Backing Up a Couchbase Deployment

The Kubernetes resource definitions below illustrate a typical arrangement for backup that saves the state of the entire cluster.

# Define backup storage volume
kind: PersistentVolumeClaim
apiVersion: v1
metadata:
  name: couchbase-cluster-backup
spec:
  resources:
    requests:
      storage: 100Gi
  storageClassName: standard
  accessModes:
    - ReadWriteOnce

A persistent volume is claimed in order to keep data safe in the event of an outage. You will need to plan the claim size based on your expected data set size, the number of days data retention and whether incremental backups are used at all.

# Create a backup repository
kind: Job
apiVersion: batch/v1
metadata:
  name: couchbase-cluster-backup-create
spec:
  template:
    spec:
      containers:
        - name: couchbase-cluster-backup-create
          image: couchbase/server:enterprise-5.5.2
          command: ["cbbackupmgr", "config", "--archive", "/backups", "--repo", "couchbase"]
          volumeMounts:
            - name: "couchbase-cluster-backup-volume"
              mountPath: "/backups"
      volumes:
        - name: couchbase-cluster-backup-volume
          persistentVolumeClaim:
            claimName: couchbase-cluster-backup
      restartPolicy: Never

A job is created to mount the persistent volume and initialize a backup repository.
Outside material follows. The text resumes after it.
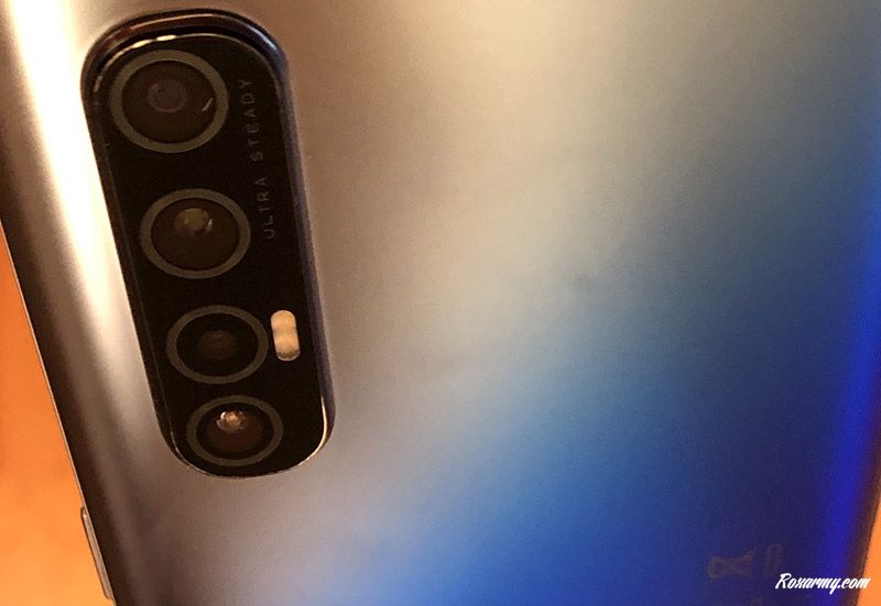 Le bloc arrière est composé de 4 capteurs, le principal à 48 MP, le téléobjectif à 13 MP, l’ultra grand angle à 8 MP et celui pour la profondeur et les effets bokeh à 2 MP.  Les enregistrements vidéo peuvent aller jusqu’à de la 4K à 30 fps, seuls ceux à 1080P 60 fps tirent parti de la technologie de stabilisation dénommée HIS.

The repository is named couchbase which will map to the cluster name in later specifications.

kind: CronJob
apiVersion: batch/v1beta1
metadata:
  name: couchbase-cluster-backup
spec:
  schedule: "0 3 * * *"
  jobTemplate:
    spec:
      template:
        spec:
          containers:
            - name: couchbase-cluster-backup-full
              image: couchbase/server:enterprise-5.5.2
              command: ["cbbackupmgr", "backup", "--archive", "/backups", "--repo", "couchbase", "--cluster", "couchbase://couchbase.default.svc", "--username", "Administrator", "--password", "password"]
              volumeMounts:
                - name: "couchbase-cluster-backup-volume"
                  mountPath: "/backups"
          volumes:
            - name: couchbase-cluster-backup-volume
              persistentVolumeClaim:
                claimName: couchbase-cluster-backup
          restartPolicy: Never

A backup cron job runs daily at a time that had low cluster utilization. The first time it runs a full backup is taken, for other runs an incremental backup is run to save disk space.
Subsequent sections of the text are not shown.